In short, Rayleigh scattering is like ideal dipole radiation: the radiation pattern for Rayleigh scattering is exactly the same as dipole radiation when the light is perfectly and linearly polarised, so that the intensity has a $(\cos(\theta))^2$ dependence. For natural, randomly polarised light (e.g. from the Sun), the intensity varies as $1 + (\cos(\theta))^2$. Here $\theta$ is the altitude angle - the angle the scattering makes with the wavevector (Poynting vector) of the incoming plane field. See the Wikipedia page on Rayleigh Scattering for details with the formula for unpolarised light. For other scenarios, you'll have to dig into the theory as follows.

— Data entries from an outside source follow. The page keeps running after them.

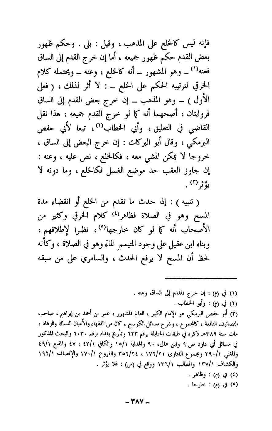 فإنه ليس كالخلع على المذهب، وقيل: بلى. وحكم ظهور بعض القدم حكم ظهور جميعه، أما إن خرج القدم إلى الساق فعنه - وهو المشهور - أنه كالخلع، وعنه - ويحتمله كلام الخرقي لترتيبه الحكم على الخلع -: لا أثر لذلك، (فعلى الأول) - وهو المذهب - إن خرج بعض القدم إلى الساق فروايتان، أصحهما أنه كما لو خرج القدم جميعه، هذا نقل القاضي في التعليق، وأبي الخطاب، تبعا لأبي حفص البرمكي، وقال أبو البركات: إن خرج البعض إلى الساق، خروجا لا يمكن المشي معه، فكالخلع، نص عليه، وعنه: إن جاوز العقب حد موضع الغسل فكالخلع، وما دونه لا يؤثر.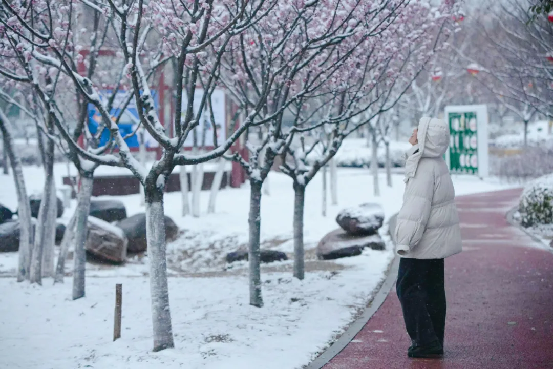 漫步在雪與櫻裝點的小徑,邂逅初春的浪漫。李鑫燕 攝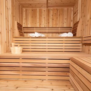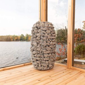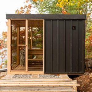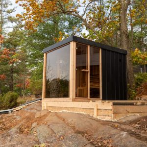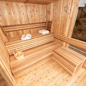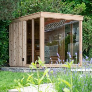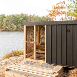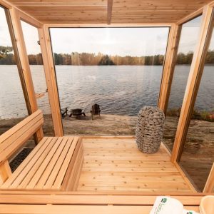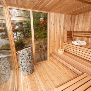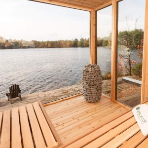 A sauna pronta outdoor Orion possibilita uma conexão ímpar com a natureza externa, devido ao seu amplo vidro bronze frontal e nas laterais. É uma sauna em madeira muito imponente e bem ampla, para curtir com a companhia de amigos e família. Ela ainda conta com o benefício de ter piso, paredes e teto totalmente isolados termicamente, assegurando alta eficiência energética.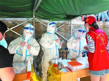 现场等待核酸检测的人群排起了长队。三伏天骄阳似火,气温逐渐升高,地面体感温度接近40℃,普通人尚且难以忍受,对全身严密防护的医护人员更是严峻的考验。他们坚守“阵地”,坚决不耽误采集工作的进行,满脸压痕但笑容不改。护目镜已经花了,双层手套里的手指被汗液泡得发白,酷热空气里汗如雨下……他们在高温下坚持,即便轮班休息时喝下再多的水都没有人上卫生间,任由水分变成汗流淌在防护服里。防护服变成了贴身的蒸笼,除了热,就是闷。但面对看不到头的长队,大家早已忘记了自己的感受,只想把检测速度加快一点,再快一点……热心的莱阳市民送来西瓜和雪糕,让医护人员深受感动,倍添动力。

At the level of individual particles, you can get all you need from Section 13.5 "Diffraction of a Conducting Sphere: Theory of Mie" in Born and Wolf "Principles of Optics" (Mine is the sixth edition). in Section 13.5.2 under the subheading "limiting cases" we have:


"[begin quotation] It is easy to see that equations (88) [first order approximation in general Mie theory] are identical with those for the radiation zone ($r\gg\lambda$) of an electric dipole at O [the origin], oscillating parallel to the x-axis, i.e. parallel to the electric vector of the primary incident field, and of moment $p=p_0 e^{-i\,\omega\,t}$ where:


$p_0 = a^3 \left|\frac{\hat{n}^2-1}{\hat{n}^2+2}\right|$


[end quotation]" The emphasis (italics) is Born and Wolf's, not mine.


Here $a$ is the Mie scatterer's radius ($a \ll \lambda$ for Rayleigh scattering), and $\hat{n}$ is the ratio of the particle's refractive index to that of the medium the particle is steeped in (in general complex, because the discussion is mainly about metal particles, but the theory is perfectly general). The $p_0$ formula assumes that the incident field has an electric field vector of unit amplitude, and Born and Wolf use Gaussian units. So beware to make the right conversion factor! The moment in general of course scales linearly with the incident electric field.

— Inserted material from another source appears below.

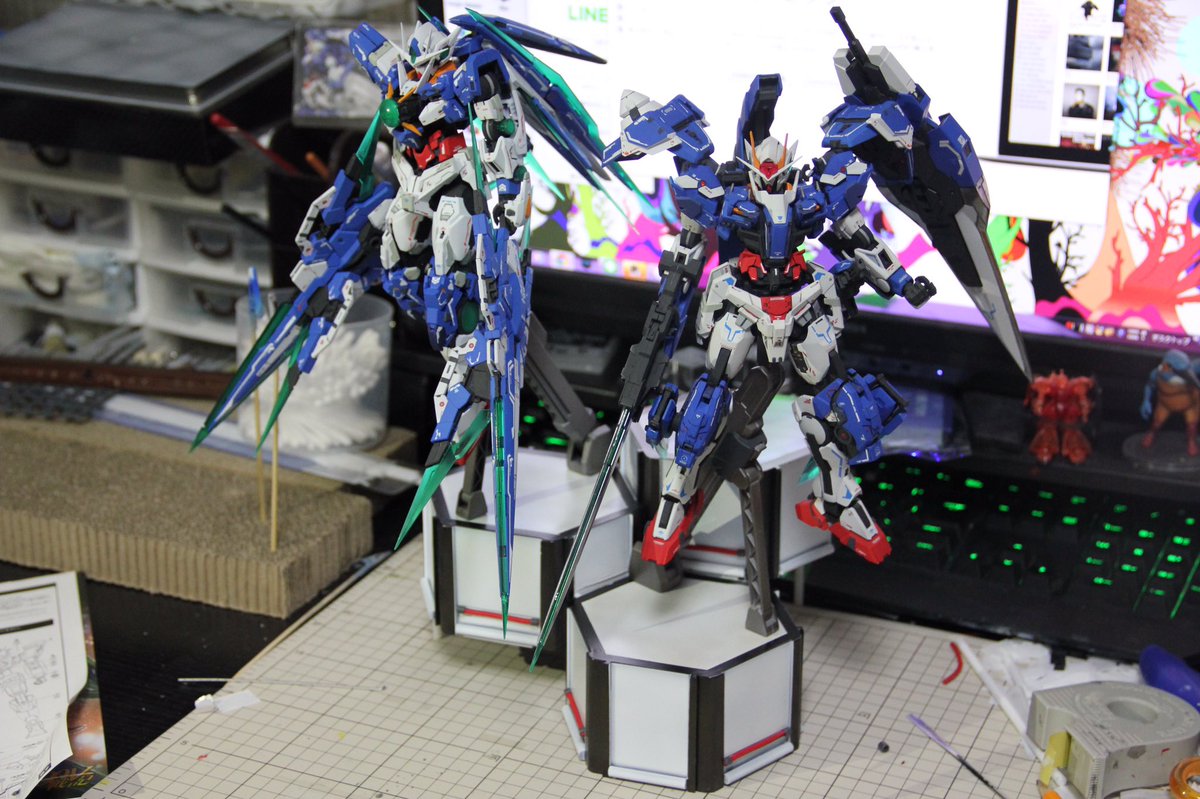 70 252 クアンタ、台座完成しました( ᵕᴗᵕ ) クアンタはOOガンダム同様にムキムキにしました。台座の方はシンプルに仕上げました(^^♪ お時間がある時にでもご覧頂けたらと存じます。 #ガンプラ 18/11/10 18:31

So you just look up the Maxwell equation solutions for the small dipole and use the recipe above to set the dipole moment in your formulas.


For Rayleigh scattering from a general shape rather than a sphere, the above will hold just as well but with an effective radius $a = \sqrt[3]{\frac{3 V}{4 \pi}}$, where $V$ is the scatterer's volume. This is because the particle just "looks like a dipole" to the electromagnetic field, whose wavelength is too big to "see" the details of the particle's shape: it simply sees that there is a "volume of stuff" at the origin. So, the scattered field from $N$ tiny spheres in a small volume at the origin will give $N$ times the scattered field (to first order, where the scattered field from one sphere is too small to influence the behaviour of another), by linearity of Maxwell's equations. Therefore, we'll get the right answer if we replace $a$ by a calibrated scaling of the cube root of the particle's volume.

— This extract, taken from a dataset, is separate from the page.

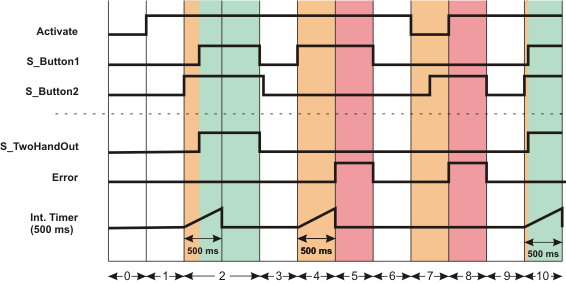 3 | The S_TwoHandOut output becomes SAFEFALSE, as S_Button1 and S_Button2 switch to SAFEFALSE within a short time of each other (buttons are released). |

Thanks for asking the question. I'm ashamed to say I've never really thought about it, but now that you mention it, I think you can see this effect when you are riding in an aeroplane: the blue cast of the sky looks layered and the blueness looking horizontally out of the window seems less bright than it does if you cast your gaze almost horizontally but slightly towards the ground or sky (i.e. you get less scattering from scatterers at your selfsame height above ground).